Time of his life
Nathaniel Hall’s play First Time not only won him awards but helped him deal with a breakdown after he was diagnosed with HIV
There’s a photograph of the actor and writer Nathaniel Hall, star of this year’s hit drama It’s A Sin, sitting on a bench in a park in Stockport. It was here, when he was 16 years old and waiting to pick up the white tuxedo he’d ordered for his school prom, that he met the man he now refers to as “Sam”. Sam (not his real name) was the man who Hall had his first sexual experience with, and Sam was the man who infected Hall with HIV.
“It’s relatively easy to get an HIV test and you can get a really quick turnaround these days.”
The story of this encounter and the ramifications it has on his life is the subject of First Time, Hall’s award-winning play that is currently on tour and scheduled for a five-night run at Manchester’s Contact theatre. Although the premise of the play might sound a bit grim, Hall insists there’s a lot of humour in the story.

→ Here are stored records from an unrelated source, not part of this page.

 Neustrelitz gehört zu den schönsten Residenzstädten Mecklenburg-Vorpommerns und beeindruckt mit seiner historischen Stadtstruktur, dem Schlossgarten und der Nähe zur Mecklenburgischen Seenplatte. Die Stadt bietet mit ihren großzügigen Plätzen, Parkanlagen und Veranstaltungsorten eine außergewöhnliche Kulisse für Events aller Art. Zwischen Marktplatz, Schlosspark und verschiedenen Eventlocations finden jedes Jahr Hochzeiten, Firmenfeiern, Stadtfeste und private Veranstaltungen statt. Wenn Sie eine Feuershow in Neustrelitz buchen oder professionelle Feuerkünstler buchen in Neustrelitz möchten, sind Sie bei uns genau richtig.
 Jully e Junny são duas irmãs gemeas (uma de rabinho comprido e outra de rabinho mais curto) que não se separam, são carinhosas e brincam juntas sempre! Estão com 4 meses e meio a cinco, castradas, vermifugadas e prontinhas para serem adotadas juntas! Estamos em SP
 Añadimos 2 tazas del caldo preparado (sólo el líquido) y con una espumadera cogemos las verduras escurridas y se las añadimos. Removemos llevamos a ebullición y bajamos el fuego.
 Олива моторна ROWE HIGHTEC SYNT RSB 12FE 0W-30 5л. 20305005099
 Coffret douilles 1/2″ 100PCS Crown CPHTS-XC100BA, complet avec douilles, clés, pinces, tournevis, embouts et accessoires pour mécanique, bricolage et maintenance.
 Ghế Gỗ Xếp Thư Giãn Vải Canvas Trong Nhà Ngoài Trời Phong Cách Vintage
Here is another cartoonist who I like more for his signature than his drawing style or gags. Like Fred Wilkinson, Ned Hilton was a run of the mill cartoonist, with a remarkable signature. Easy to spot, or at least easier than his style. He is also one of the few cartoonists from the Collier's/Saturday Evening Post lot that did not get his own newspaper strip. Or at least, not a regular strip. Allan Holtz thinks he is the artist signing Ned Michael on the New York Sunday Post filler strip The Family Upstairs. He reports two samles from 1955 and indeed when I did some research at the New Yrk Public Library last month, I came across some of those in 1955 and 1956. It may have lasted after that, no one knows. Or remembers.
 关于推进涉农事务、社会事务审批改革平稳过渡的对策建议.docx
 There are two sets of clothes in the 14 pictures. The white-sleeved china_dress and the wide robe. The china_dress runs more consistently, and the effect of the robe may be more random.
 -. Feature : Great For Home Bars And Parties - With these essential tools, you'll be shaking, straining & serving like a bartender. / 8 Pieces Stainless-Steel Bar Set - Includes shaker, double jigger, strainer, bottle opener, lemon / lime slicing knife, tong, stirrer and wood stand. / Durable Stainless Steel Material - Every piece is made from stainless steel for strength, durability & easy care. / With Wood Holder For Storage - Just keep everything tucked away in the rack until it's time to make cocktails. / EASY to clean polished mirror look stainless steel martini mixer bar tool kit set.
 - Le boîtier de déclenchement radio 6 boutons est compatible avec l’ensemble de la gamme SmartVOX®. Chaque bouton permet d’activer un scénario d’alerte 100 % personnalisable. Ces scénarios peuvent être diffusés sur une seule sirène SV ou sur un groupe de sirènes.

“It’s hilarious and heartbreaking in equal measure. People often say: ‘I didn’t expect it to be as funny!’ But you know, real life is funny.”
Having learnt that he was HIV positive, Hall “boxed it up” and told very few people for 15 years.

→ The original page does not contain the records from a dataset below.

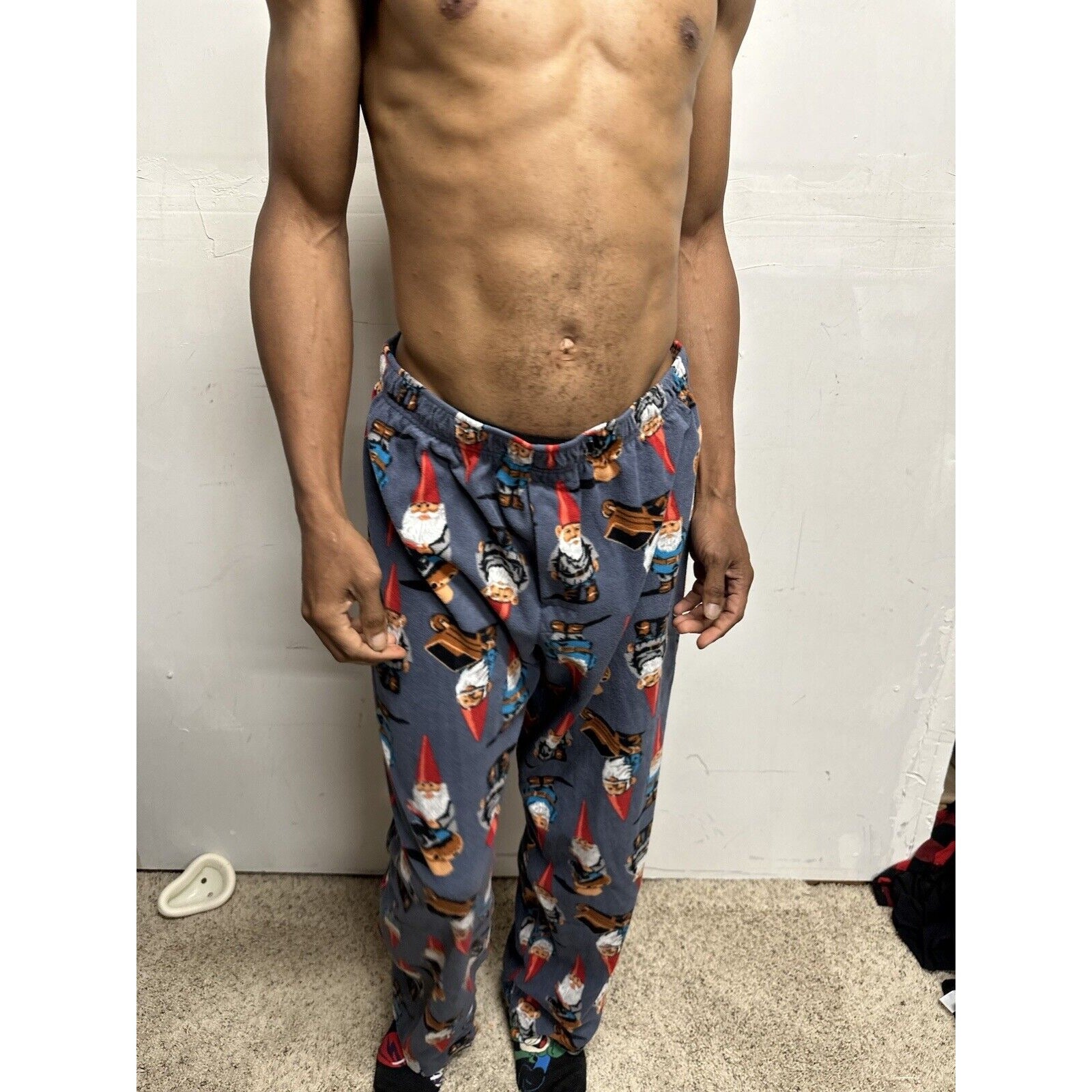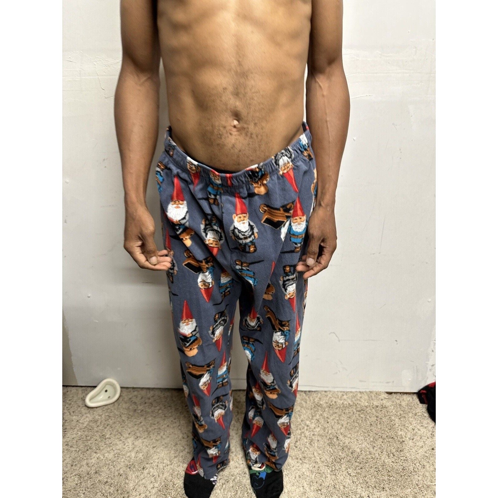 Men’s Large Gnome Wheelbarrow Lounge Pants Sleepwear. No pockets.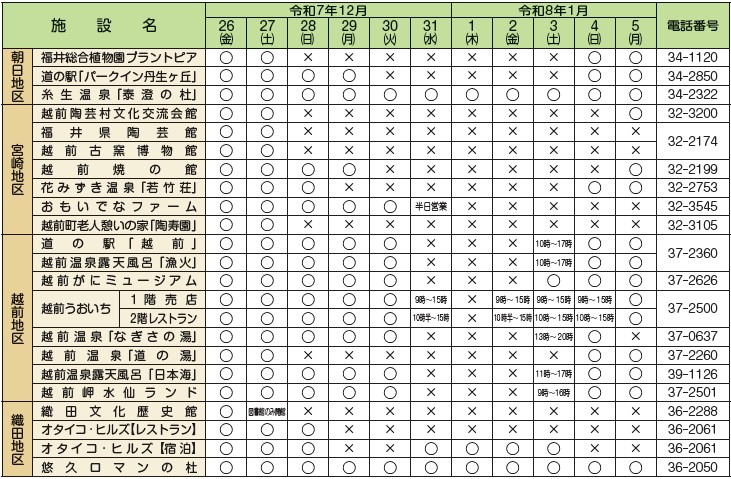 くらし 年末年始の施設営業日のご案内 4/31 前の記事 次の記事 発行日 : 2025年12月01日 自治体名 : 福井県越前町 広報紙名 : 広報えちぜん 令和7年12月号 ※あくまでも予定ですので、変更になる場合がございます。 ※詳しくは各施設へお問合せください。 Tweet シェアする まちの話題をお届けします!ーえちぜんTopicsー(2) 各種証明書のコンビニ交付サービスの一時停止について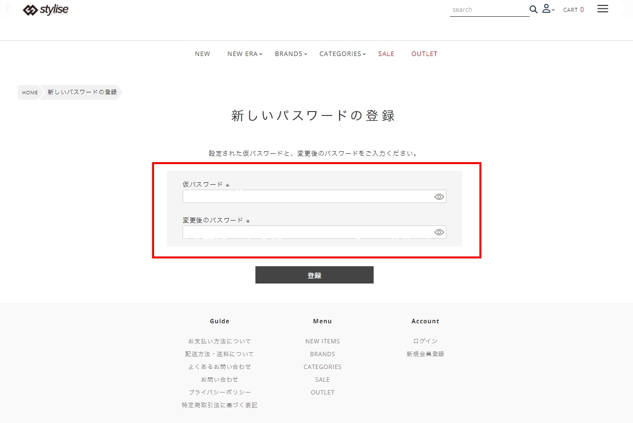 4.【新しいパスワードの登録】ページにて、3.で設定した【仮パスワード】と【変更後のパスワード】(=本パスワード)をご入力ください。※この際、仮パスワードを本パスワードとして設定することも可能です。

“Then I basically had a mental breakdown and that’s where you meet me in First Time. It’s 2017 and I’m there in my dressing gown with white powder on my face and the show is starting and I’m not ready.”
It was, in fact, during this “chaotic” period in 2017 that Hall decided to write the play. The act of creating it was a way of breaking the silence about his diagnosis.
“There was a moment I caught myself in a mirror,” he says, “I was still awake two days after a house party. My then partner had gone out to work and I looked in the mirror and realised I didn’t recognise that person. It was this trauma, pain, sadness and shame that I had not dealt with and that was a pivotal moment for me.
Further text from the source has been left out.